Copy the data that appears below exactly. Drop the pictures.

START Input data

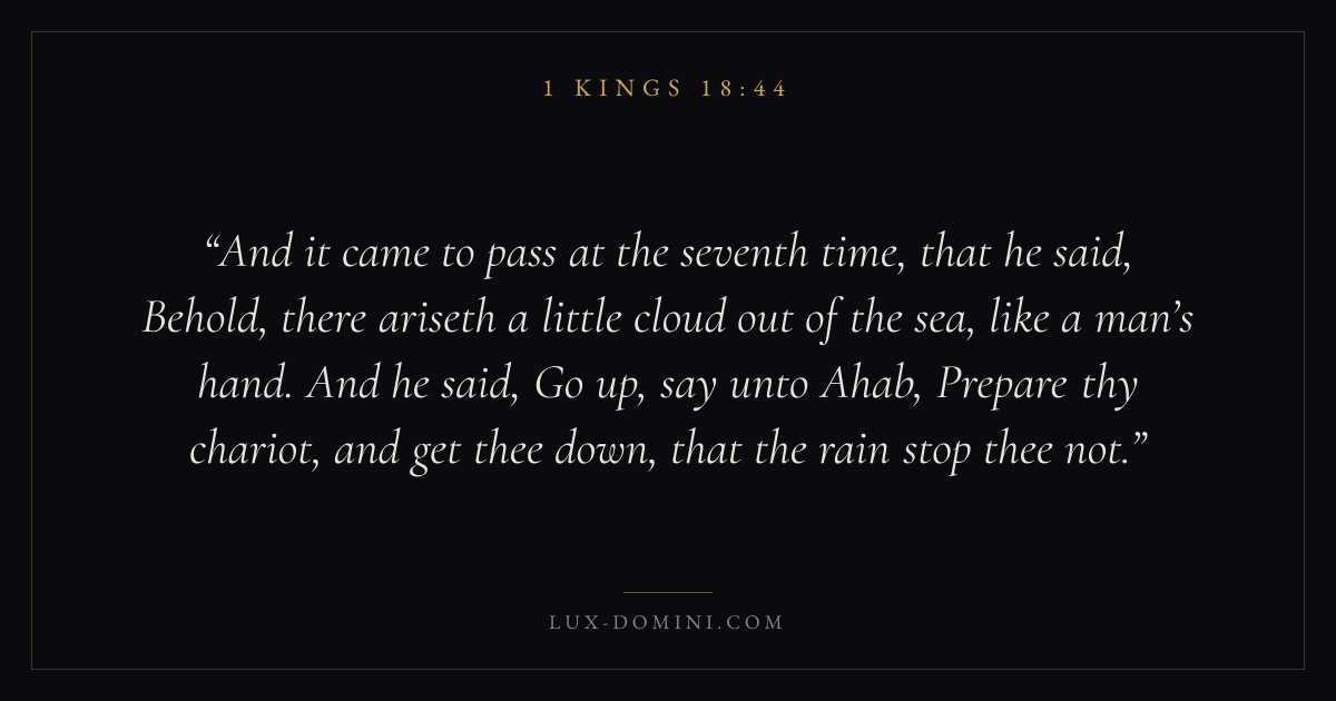 And it came to pass at the seventh time, that he said, Behold, there ariseth a little cloud out of the sea, like a man’s hand. And he said, Go up, say unto Ahab, Prepare thy chariot, and get thee down, that the rain stop thee not.
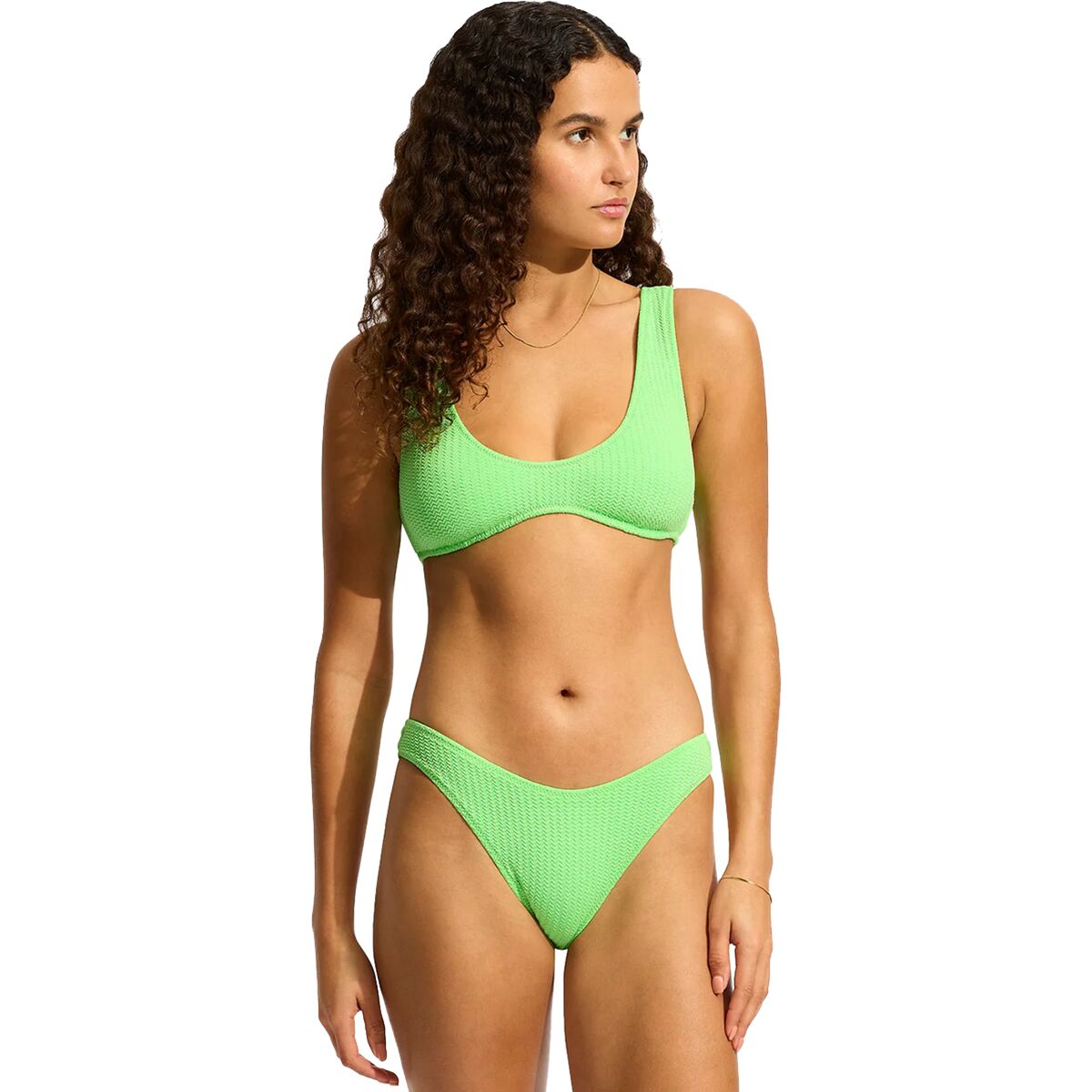 Removable cups provide shape and support, giving us the freedom to wear it our way. Crafted from a soft, stretchy nylon blend, it hugs the body while maintaining a lightweight feel. Pair it with matching bikini bottoms or mix and match for a personalized beach-day look.
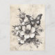 This elegant postcard features a graceful butterfly resting among hand-drawn flowers, all set against a softly weathered brown background that mimics the texture of aged parchment. The rustic tones and vintage aesthetic evoke the charm of old botanical journals and forgotten letters, making it a nostalgic piece full of warmth and natural beauty. Perfect for autumn themes, garden lovers, nature-inspired décor, or anyone drawn to vintage cottagecore vibes. A meaningful design for birthdays, anniversaries, or simply celebrating the timeless beauty of nature.
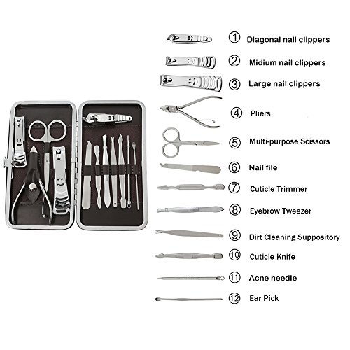 Package Included: 1*Diagonal nail clippers 1*Midium nail clippers 1*Large nail clippers 1*Dead shin clamp 1*Eyebrow shear 1*Nail file 1*Double-headed pick 1*Tweezer 1*Push the skin tool 1*Off knife 1*Acne needle 1*Ear digging
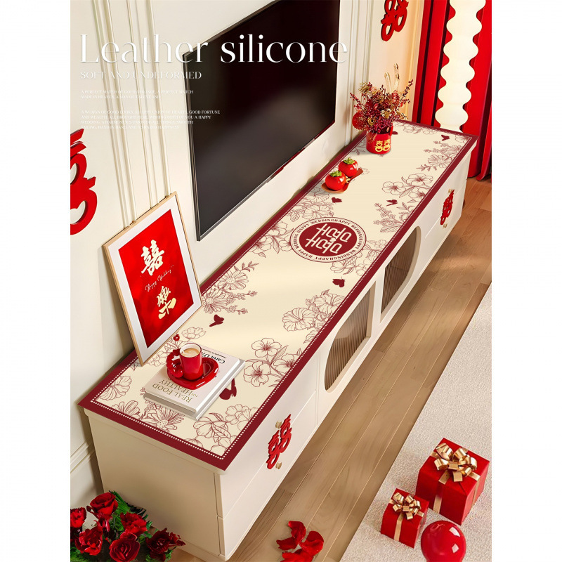 結婚式のテレビキャビネットテーブルクロス赤お祝い靴カウンタートップ革保護マットサイドボードロングテーブルマット
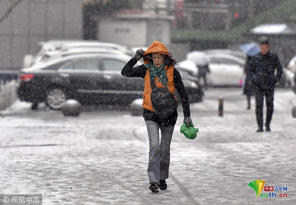 2018年11月12日,持續(xù)濃霧天氣的新疆烏魯木齊市,又迎來一場雨雪天氣,氣溫隨之驟降。圖為在風雪中外出的民眾腳步匆匆。圖片作者:劉新
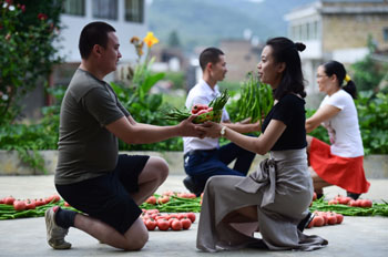 ??? 8月28日,在四川省敘永縣麻城鎮(zhèn)麻城村高山蔬菜基地,參加“浪漫采摘”活動獲勝的情侶在“蔬菜鵲橋”旁表達愛意。當日是七夕節(jié),麻城鎮(zhèn)舉辦七夕蔬菜采摘節(jié),吸引眾多情侶前來參加“浪漫采摘”“鵲橋獻愛”等趣味活動,以蔬菜為媒,表達愛意。新華社發(fā)(李欣 攝) |
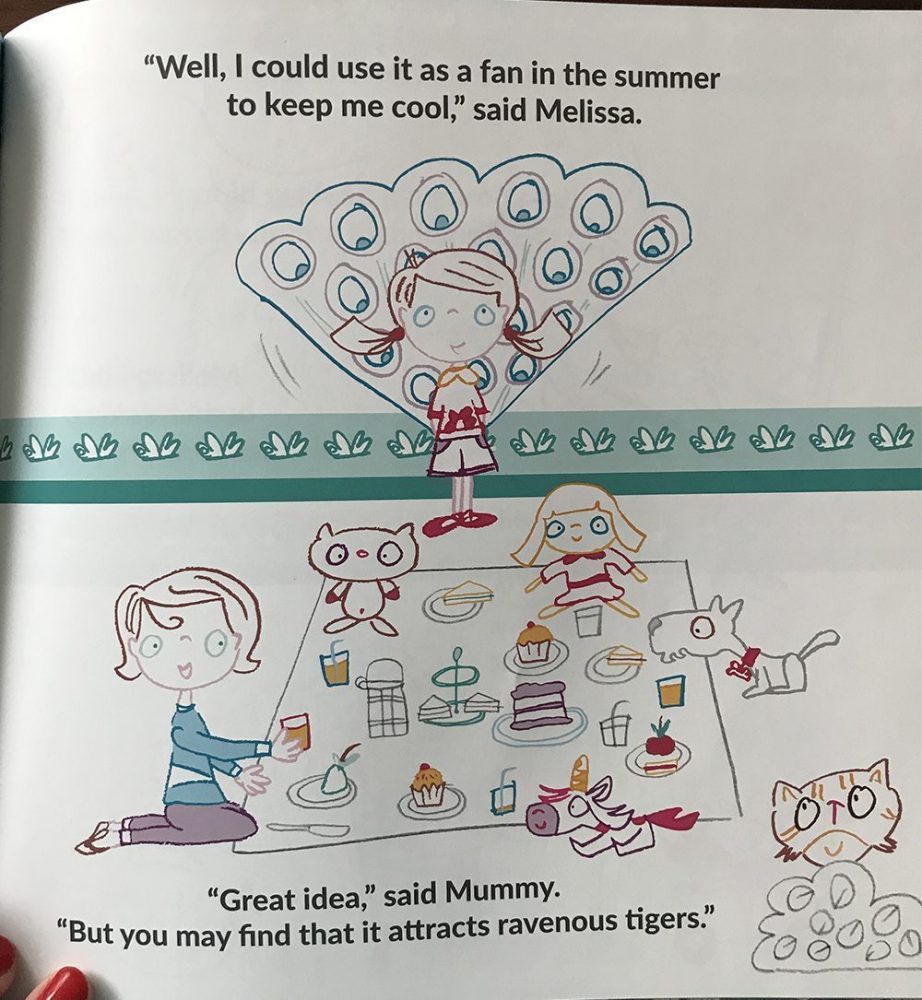 Mia really enjoyed this story and found it really funny! All the way through Mia was guessing what kind of tail Melissa would choose and Mia decided that she would like a fish’s tail so that she could swim really fast! The illustrations are again cartoony which means that they are bright, colourful and fun, just like the story!
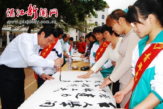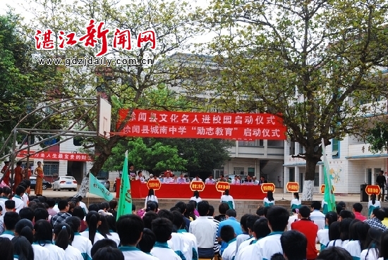 湛江新闻网讯:为了尽最大努力挖掘学生潜质,培养兴趣与爱好,增强学生信心,提高学生能力,让每位学生健康成长,营造好学上进、和谐安定的校园环境。3月21日上午,徐闻县城南中学举行文化名人进校园暨“励志教育”活动启动仪式。县委常委蒋柯煌,原县委常委、县书法家协会主席杨世金,湛江日报民生中心副主任简陈明,县委宣传部副部长、广播电视台台长、县作家协会主席李明刚,县教育局党组书记刘养,县委党校常务副校长、县教育局副局长潘建义及县文联、南山镇、县职业中学等单位领导以及文化、教育界文化名人参加了启动仪式。
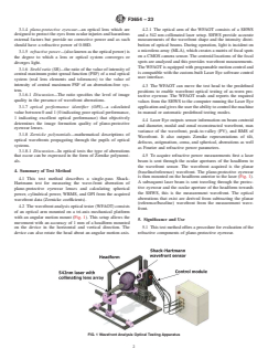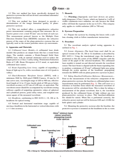 SIGNIFICANCE AND USE 5.1 This test method offers a procedure for evaluation of the refractive components of plano-protective eyewear. 5.2 This test method has been specifically designed for protective eyewear that will not fit into conventional automatic/digital focimeters. 5.3 This test method has been designed to provide a determination of the image formation quality of plano-protective eyewear. 5.4 This test method offers a comprehensive refractive power measurement scanning protocol that measures the refractive power over a total 50 mm2 area in front of each eye. This measurement protocol known as the Multiple Gaze Direction Detailed Scan (MGDDS) measures the refractive powers of the zones of the plano-protective eyewear that are typically used as the wearer performs micro eye movements. SCOPE 1.1 This test method is used to quantify the amount of refractive power (spherical and cylindrical powers) found in planoprotective eyewear. 1.2 This test method is used to quantify the optical performance of plano-protective eyewear as identified by the weighted root mean square average wavefront error. 1.3 This test method may also be used to measure the refractive powers of other plano-protective eyewear or ocular devices, or both. 1.4 Units—The values stated in SI units are to be regarded as standard. No other units of measurement are included in this standard. 1.5 This standard does not purport to address all of the safety concerns, if any, associated with its use. It is the responsibility of the user of this standard to establish appropriate safety, health, and environmental practices and determine the applicability of regulatory limitations prior to use. 1.6 This international standard was developed in accordance with internationally recognized principles on standardization established in the Decision on Principles for the Development of International Standards, Guides and Recommendations issued by the World Trade Organization Technical Barriers to Trade (TBT) Committee.

END Input data

### Solution to the problem
 And it came to pass at the seventh time, that he said, Behold, there ariseth a little cloud out of the sea, like a man’s hand. And he said, Go up, say unto Ahab, Prepare thy chariot, and get thee down, that the rain stop thee not.
 Removable cups provide shape and support, giving us the freedom to wear it our way. Crafted from a soft, stretchy nylon blend, it hugs the body while maintaining a lightweight feel. Pair it with matching bikini bottoms or mix and match for a personalized beach-day look.
 This elegant postcard features a graceful butterfly resting among hand-drawn flowers, all set against a softly weathered brown background that mimics the texture of aged parchment. The rustic tones and vintage aesthetic evoke the charm of old botanical journals and forgotten letters, making it a nostalgic piece full of warmth and natural beauty. Perfect for autumn themes, garden lovers, nature-inspired décor, or anyone drawn to vintage cottagecore vibes. A meaningful design for birthdays, anniversaries, or simply celebrating the timeless beauty of nature.
 Package Included: 1*Diagonal nail clippers 1*Midium nail clippers 1*Large nail clippers 1*Dead shin clamp 1*Eyebrow shear 1*Nail file 1*Double-headed pick 1*Tweezer 1*Push the skin tool 1*Off knife 1*Acne needle 1*Ear digging
 結婚式のテレビキャビネットテーブルクロス赤お祝い靴カウンタートップ革保護マットサイドボードロングテーブルマット
 2018年11月12日,持續(xù)濃霧天氣的新疆烏魯木齊市,又迎來一場雨雪天氣,氣溫隨之驟降。圖為在風雪中外出的民眾腳步匆匆。圖片作者:劉新
 ??? 8月28日,在四川省敘永縣麻城鎮(zhèn)麻城村高山蔬菜基地,參加“浪漫采摘”活動獲勝的情侶在“蔬菜鵲橋”旁表達愛意。當日是七夕節(jié),麻城鎮(zhèn)舉辦七夕蔬菜采摘節(jié),吸引眾多情侶前來參加“浪漫采摘”“鵲橋獻愛”等趣味活動,以蔬菜為媒,表達愛意。新華社發(fā)(李欣 攝) |
 Mia really enjoyed this story and found it really funny! All the way through Mia was guessing what kind of tail Melissa would choose and Mia decided that she would like a fish’s tail so that she could swim really fast! The illustrations are again cartoony which means that they are bright, colourful and fun, just like the story!
 湛江新闻网讯:为了尽最大努力挖掘学生潜质,培养兴趣与爱好,增强学生信心,提高学生能力,让每位学生健康成长,营造好学上进、和谐安定的校园环境。3月21日上午,徐闻县城南中学举行文化名人进校园暨“励志教育”活动启动仪式。县委常委蒋柯煌,原县委常委、县书法家协会主席杨世金,湛江日报民生中心副主任简陈明,县委宣传部副部长、广播电视台台长、县作家协会主席李明刚,县教育局党组书记刘养,县委党校常务副校长、县教育局副局长潘建义及县文联、南山镇、县职业中学等单位领导以及文化、教育界文化名人参加了启动仪式。
 SIGNIFICANCE AND USE 5.1 This test method offers a procedure for evaluation of the refractive components of plano-protective eyewear. 5.2 This test method has been specifically designed for protective eyewear that will not fit into conventional automatic/digital focimeters. 5.3 This test method has been designed to provide a determination of the image formation quality of plano-protective eyewear. 5.4 This test method offers a comprehensive refractive power measurement scanning protocol that measures the refractive power over a total 50 mm2 area in front of each eye. This measurement protocol known as the Multiple Gaze Direction Detailed Scan (MGDDS) measures the refractive powers of the zones of the plano-protective eyewear that are typically used as the wearer performs micro eye movements. SCOPE 1.1 This test method is used to quantify the amount of refractive power (spherical and cylindrical powers) found in planoprotective eyewear. 1.2 This test method is used to quantify the optical performance of plano-protective eyewear as identified by the weighted root mean square average wavefront error. 1.3 This test method may also be used to measure the refractive powers of other plano-protective eyewear or ocular devices, or both. 1.4 Units—The values stated in SI units are to be regarded as standard. No other units of measurement are included in this standard. 1.5 This standard does not purport to address all of the safety concerns, if any, associated with its use. It is the responsibility of the user of this standard to establish appropriate safety, health, and environmental practices and determine the applicability of regulatory limitations prior to use. 1.6 This international standard was developed in accordance with internationally recognized principles on standardization established in the Decision on Principles for the Development of International Standards, Guides and Recommendations issued by the World Trade Organization Technical Barriers to Trade (TBT) Committee.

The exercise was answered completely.